§ **Your assignment**:
Transcribe, starting at the line with "The battery is" and ending at the line with "Комплекс виготовлений із", every line of the material below exactly, but leave out the pictures and anything outside that span.

§ **Dataset content**:
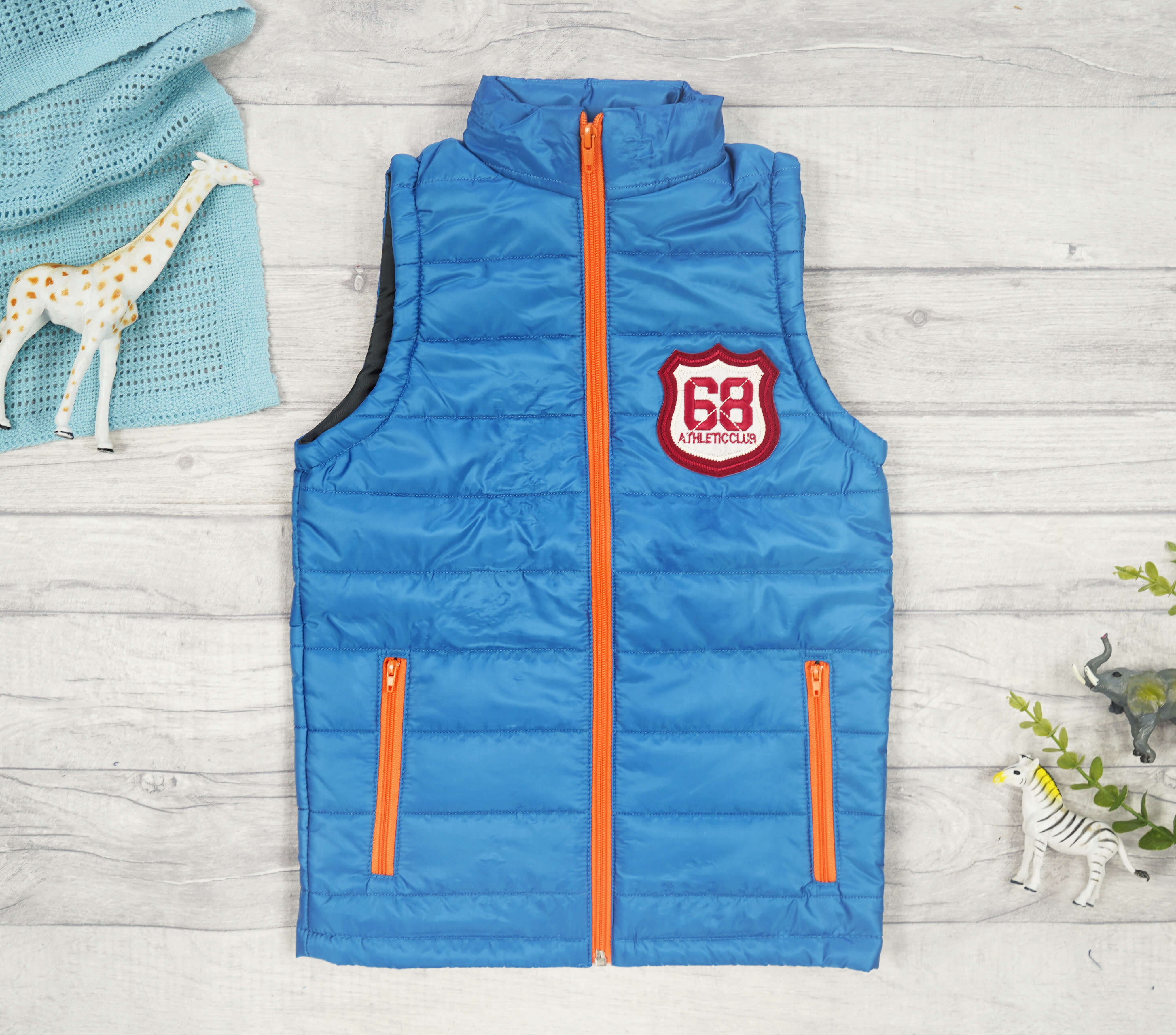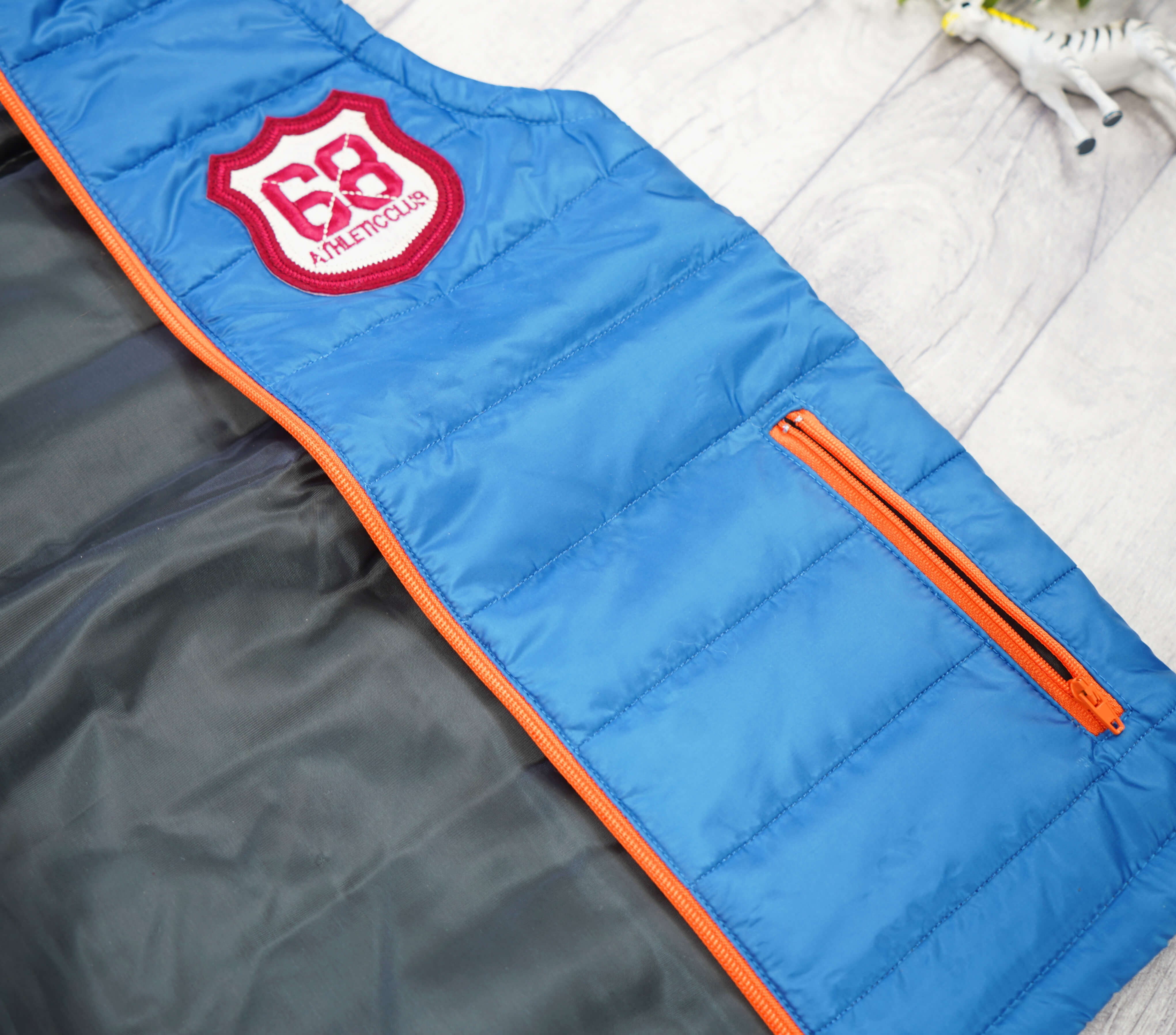 Kamizelka dziecięca zapinana na oryginalny, pomarańczowy suwak. Posiada dwie wpuszczane kieszenie również zamykane na suwaki. Zewnętrzna warstwa kamizelki dla chłopca jest nieprzemakalna. Zewnętrzna warstwa w kolorze niebieskim od wewnątrz czarnym. Ocieplona w całości cienkim wypełnieniem. Góra bezrękawnika wykończona jest stójką. Taki bezrękawnik możesz nosić zamiast kurtki, i ubierać go na bluzę albo sweter.
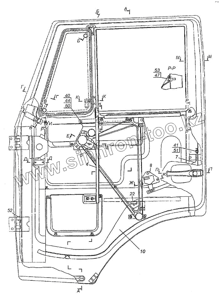Каталог запасных частей к технике: Камский автозавод 6460. Установка стекол и арматуры двери правая/левая
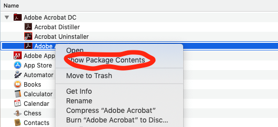 Right click on the Adobe Acrobat application (ctrl + click)
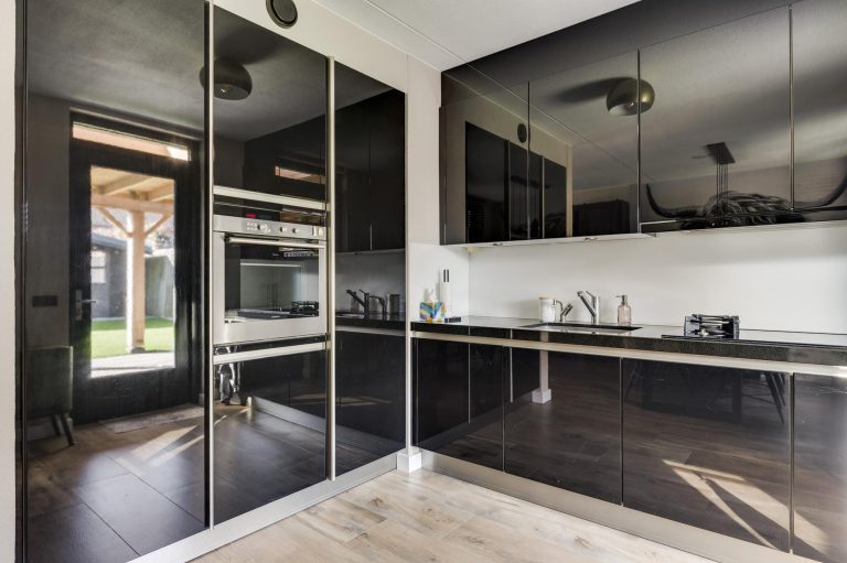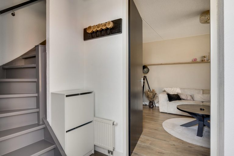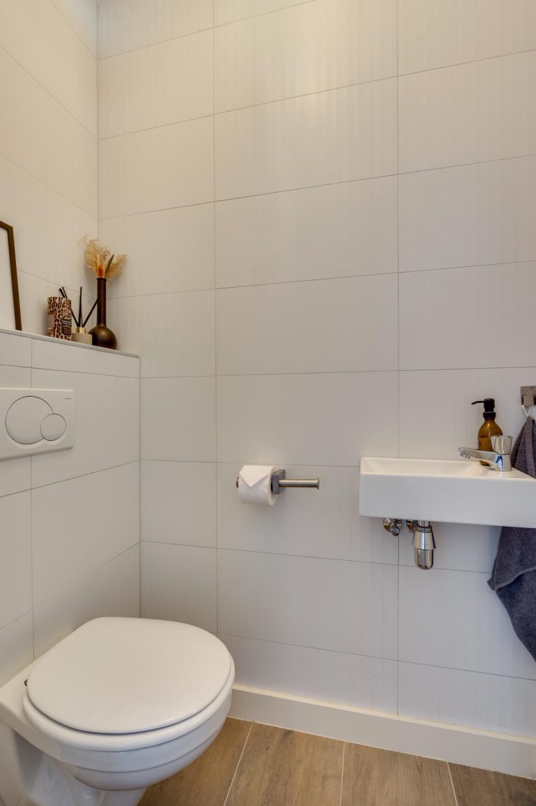 Via oprit bereikbare entree, gelegen in de zijgevel. Ontvangsthal met meterkast, garderobe en geheel betegelde toiletruimte, voorzien van hangend toilet en fonteintje. Vanuit de hal is de L-vormige woonkamer, gelegen aan de voorzijde, bereikbaar. Tussen de woonkamer en keuken bevindt zich de trapkast voor extra bergruimte. De open keuken is gelegen aan de achterzijde van de woning. Deze heeft een moderne, hoekopgestelde keuken met inductiekookplaat, afzuigkap, koelkast, vaatwasser én Quooker. Middels een deur is de achtertuin bereikbaar.
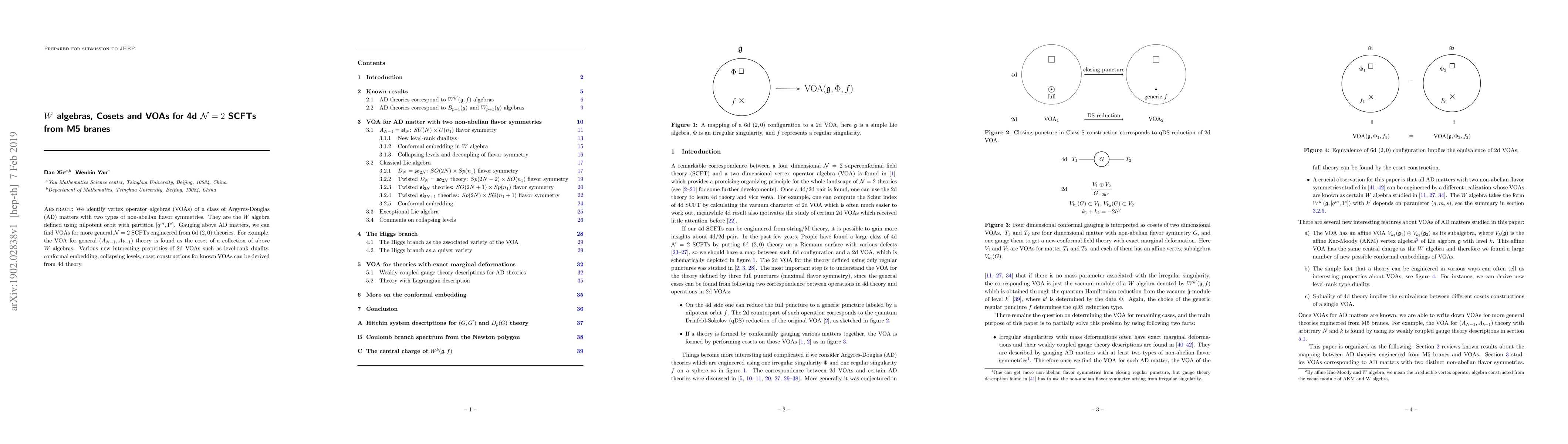 We identify vertex operator algebras (VOAs) of a class of Argyres-Douglas (AD) matters with two types of non-abelian flavor symmetries. They are the $W$ algebra defined using nilpotent orbit with partition $[q^m,1^s]$. Gauging above AD matters, we can find VOAs for more general $\mathcal{N}=2$ SCFTs engineered from 6d $(2,0)$ theories. For example, the VOA for general $(A_{N-1}, A_{k-1})$ theory is found as the coset of a collection of above $W$ algebras. Various new interesting properties of 2d VOAs such as level-rank duality, conformal embedding, collapsing levels, coset constructions for known VOAs can be derived from 4d theory.
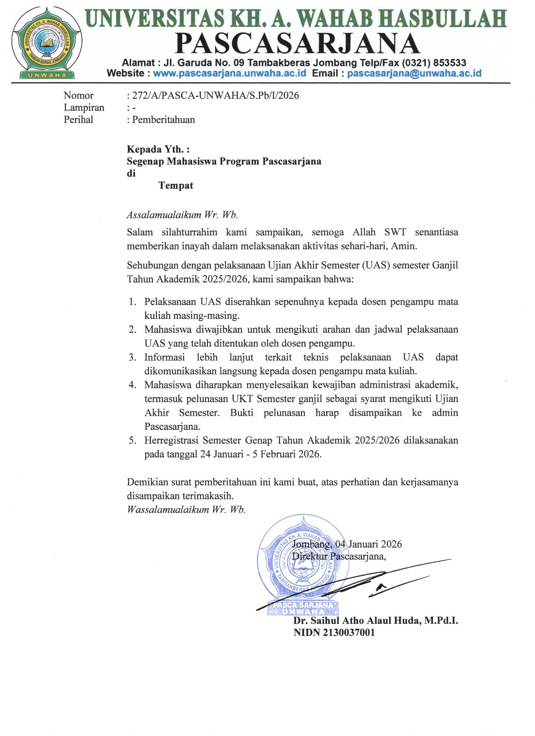 Diberitahukan kepada seluruh mahasiswa Pascasarjana bahwa pelaksanaan Ujian Akhir Semester (UAS) Semester Ganjil Tahun Akademik 2025/2026 dilaksanakan sesuai ketentuan yang berlaku. Informasi selengkapnya mengenai jadwal, tata tertib, dan teknis pelaksanaan UAS dapat dilihat pada surat edaran berikut. klik disini
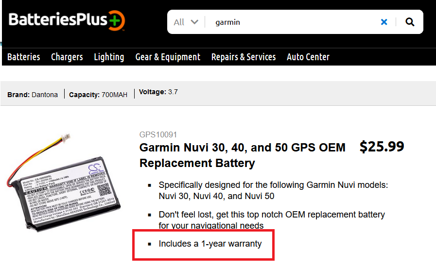 The battery is a Garmin 361-00056-00 there are many seller's but need to make sure the replacement is "new". I'd get one from BatteriesPlus, price is about the same and they may even replace it for you for free, & if it doesn't work for them then you know the GPS is dead
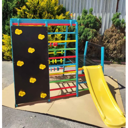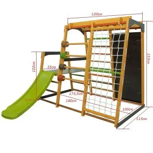Комплекс виготовлений із якісних металевих матеріалів, покритих порошковою фарбою, стійкою до атмосферних впливів. Надійна конструкція гарантує довготривале використання та витримує навантаження:
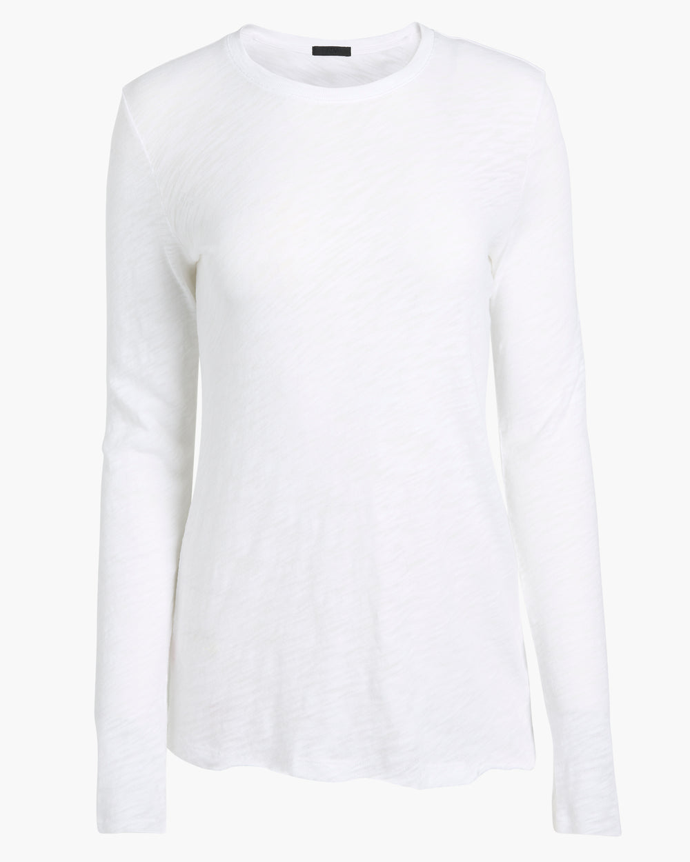 The Slub Jersey Long Sleeve Destroyed Wash Tee gets its texture from the uneven yarns of our unique Peruvian Cotton. It features a subtle scoop neck, imperfectly distressed hem and sleeve cuffs, and just the right amount of sheer. The loose weave of this heavier Cotton molds modestly to the body offering the perfect drape.
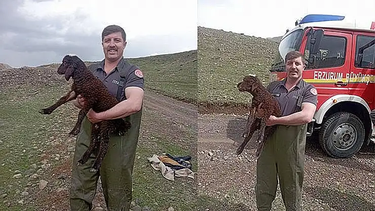 Ekipler, yaklaşık yarım saatlik çalışmayla koyunu mahsur kaldığı yerden kurtararak sahibine teslim etti.
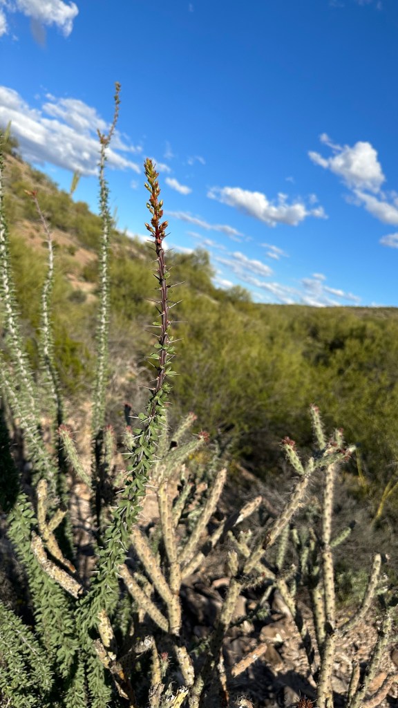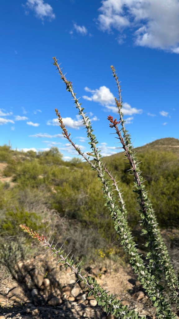 I always exclaim that when I see Ocotillo. It’s a fun word to say, first of all. And I’m starting to like the double-L = Y thing with Spanish and French. It particularly offended me in the context of attempting to build a reading knowledge of French. But even that duplicitously half-pronounced language has grown on me. Ocotillo! Ocotillo!
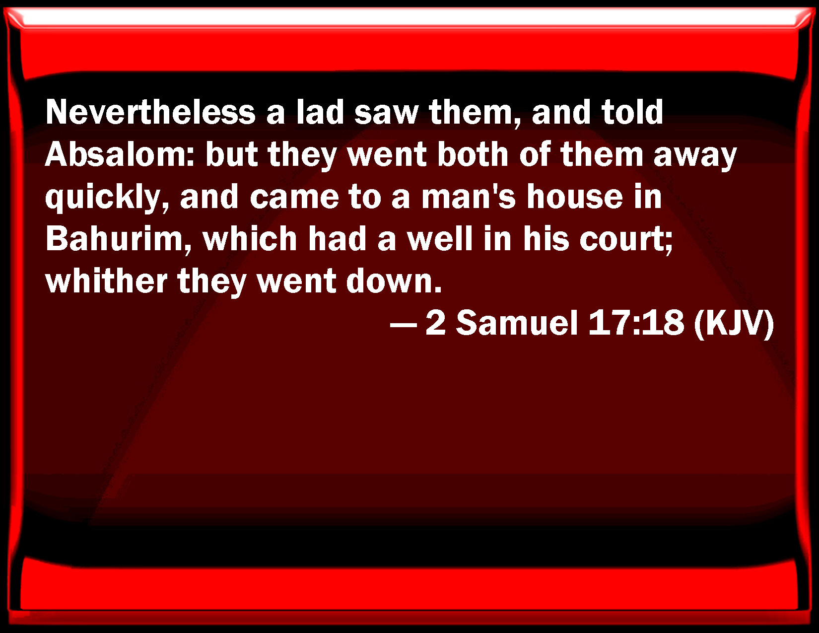 Bible Verse Slide 2 Samuel 17:18 Nevertheless a lad saw them, and told Absalom: but they went both of them away quickly, and came to a man's house in Bahurim, which had a well in his court; where they went down. KJV: Nevertheless a lad saw them, and told Absalom: but they went both of them away quickly, and came to a man's house in Bahurim, which had a well in his court; whither they went down. DRB: But a certain boy saw them, and told Absalom: but they making haste went into the house of a certain man in Bahurim, who had a well in his court, and they went down into it. DBT: But a lad saw them, and told Absalom. Then they went both of them away quickly, and came to the house of a man at Bahurim, who had a well in his court; and they went down there. ERV: But a lad saw them, and told Absalom: and they went both of them away quickly, and came to the house of a man in Bahurim, who had a well in his court; and they went down thither. WBT: Nevertheless, a lad saw them, and told Absalom: but they went both of them away quickly, and came to the house of a man in Bahurim, who had a well in his court; into which they descended. WEB: But a boy saw them, and told Absalom. Then they both went away quickly, and came to the house of a man in Bahurim, who had a well in his court; and they went down there. YLT: And a youth seeth them, and declareth to Absalom; and they go on both of them hastily, and come in unto the house of a man in Bahurim, and he hath a well in his court, and they go down there,Links 2 Samuel 17:18 NIV • 2 Samuel 17:18 NLT • 2 Samuel 17:18 ESV • 2 Samuel 17:18 NASB • 2 Samuel 17:18 KJV • 2 Samuel 17:18 Interlinear • 2 Samuel 17:18 Commentaries • 2 Samuel 17:18 Parallel Texts • 2 Samuel 17:18 Bible Apps • 2 Samuel 17:18 Parallel • Bible Hub |

§ **Answer to this task**:
 The battery is a Garmin 361-00056-00 there are many seller's but need to make sure the replacement is "new". I'd get one from BatteriesPlus, price is about the same and they may even replace it for you for free, & if it doesn't work for them then you know the GPS is dead
Комплекс виготовлений із якісних металевих матеріалів, покритих порошковою фарбою, стійкою до атмосферних впливів. Надійна конструкція гарантує довготривале використання та витримує навантаження:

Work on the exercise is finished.